About the job
About Ditto:
Ditto is revolutionizing data movement at the edge, empowering developers to create resilient, real-time applications irrespective of varying network conditions. Whether in a stadium, on an airplane, or at a remote military base, Ditto’s peer-to-peer synchronization engine guarantees continuous device connectivity and consistent data integrity, even in the absence of internet access. Backed by over $145 million in funding and trusted by esteemed organizations such as Chick-fil-A, Delta Airlines, and the U.S. military, Ditto facilitates mission-critical operations across sectors including aviation, retail, travel, hospitality, and defense. As a rapidly expanding, globally distributed startup, we are devoted to fostering a diverse and inclusive team that encapsulates a myriad of perspectives essential for addressing the world’s most complex connectivity challenges.
About the Position:
At this pivotal moment, Ditto is scaling to meet the needs of its enterprise clientele, necessitating skilled Site Reliability Engineers to uphold enterprise-grade reliability within our infrastructure.
This role presents a remarkable opportunity to become part of a specialized team dedicated to observability, system reliability, and operational excellence for our innovative edge-to-cloud database technology.
As a Site Reliability Engineer, you will be instrumental in ensuring the reliability, performance, and scalability of Ditto's cloud infrastructure.

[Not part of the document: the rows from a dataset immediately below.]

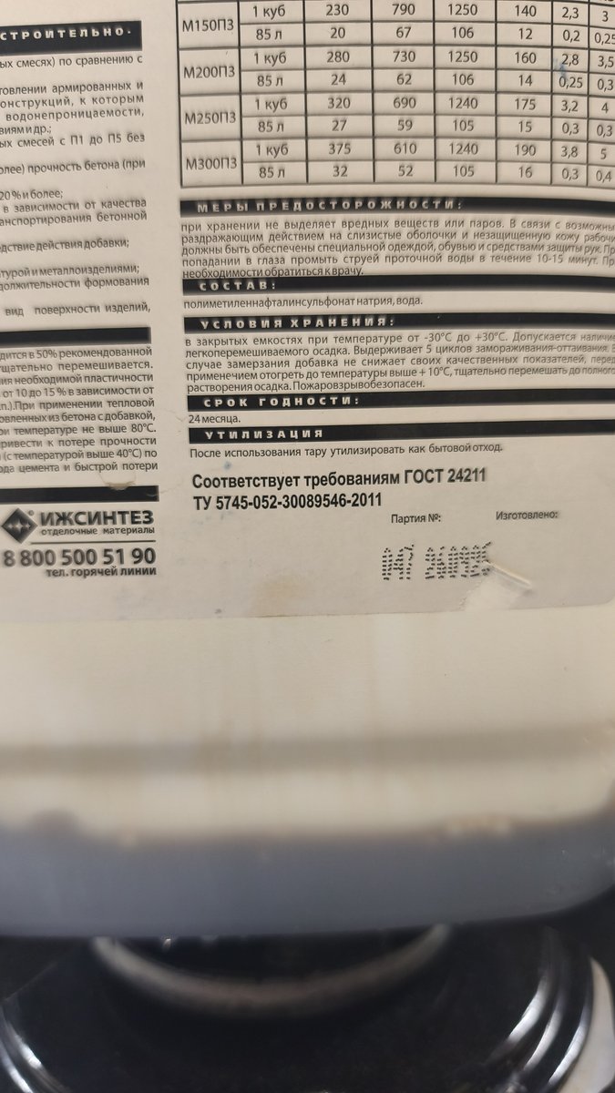 увеличивает раннюю (на 10-25%) и марочную (на 20% и более) прочность бетона (при неизменной удобоукладываемости)
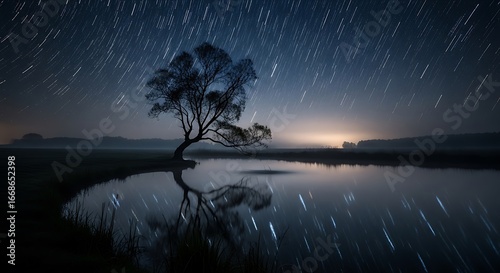A lone tree stands by a still pond under a night sky filled with star trails.
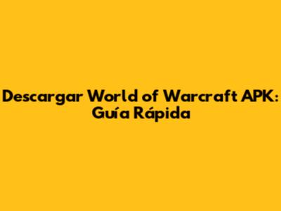 Descargar World Of Warcraft APK: Guía Rápida
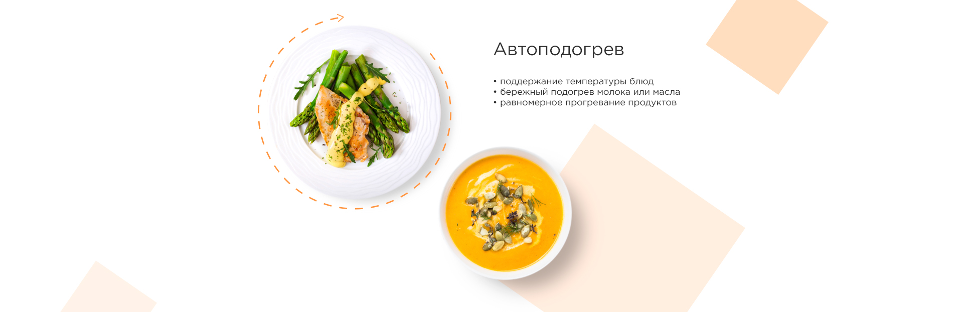 Для плавного и равномерного прогревания продуктов используйте автоматическую программу АВТОПОДОГРЕВ. Этот способ вы можете выбрать для поддержания температуры готовых блюд, разогрева еды заблаговременно, а также для бережного подогрева охлажденного молока или размягчения сливочного масла.
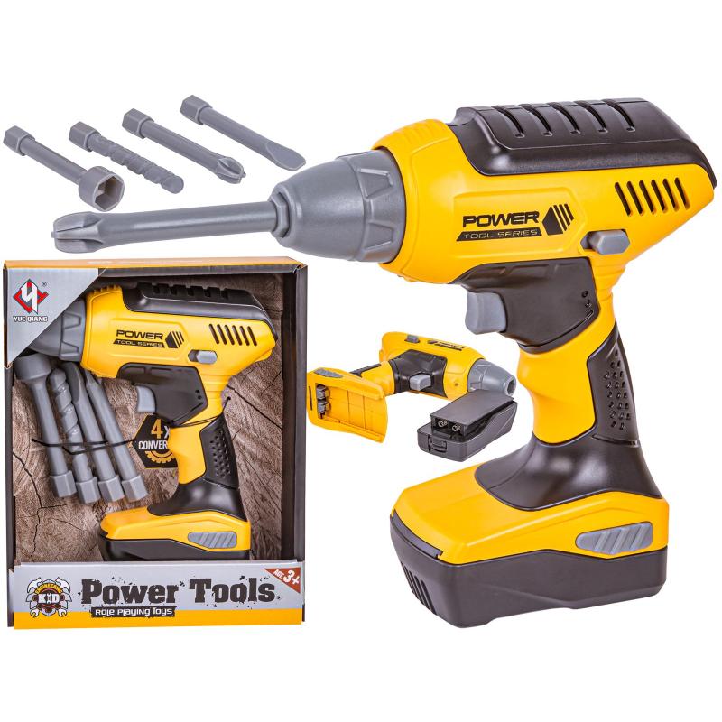 Zestaw naśladuje prawdziwe narzędzie — wiertarko-wkrętarka ma obrotową głowicę, możliwość obrotów lewo/prawo oraz wysuwany dolny „akumulator”, co pozwala dziecku poczuć pracę z elektronarzędziem w kontrolowany sposób. Elementy zostały zaprojektowane tak, aby były łatwe do chwytu i obsługi dla małych rączek; wymiary samej wkrętarki wynoszą 17,5 × 15,5 × 5 cm (bez bita), co sprawia, że urządzenie jest poręczne i dobrze leży w dłoni.

You will collaborate with product engineering teams to enhance system resilience, spearhead incident management processes, and develop observability solutions tailored for our distinct distributed architecture.
Key Responsibilities:
Develop and maintain observability solutions leveraging platforms such as Datadog, Prometheus, and Grafana.
Lead incident management efforts, coordinating response strategies, troubleshooting issues, and determining follow-up actions.
Collaborate with product engineering teams to design reliable systems, recover from incidents, and derive insights from failures.
Work with teams to establish and uphold SLOs, monitoring frameworks, and alerting mechanisms that ensure reliability at scale.
Design and implement automation and support tools to enhance system resilience, maintain operational safety, and minimize operational overhead.
Lead the creation and upkeep of runbooks, alert definitions, and incident response protocols.
Participate in on-call rotations to deliver 24/7 support for critical production systems.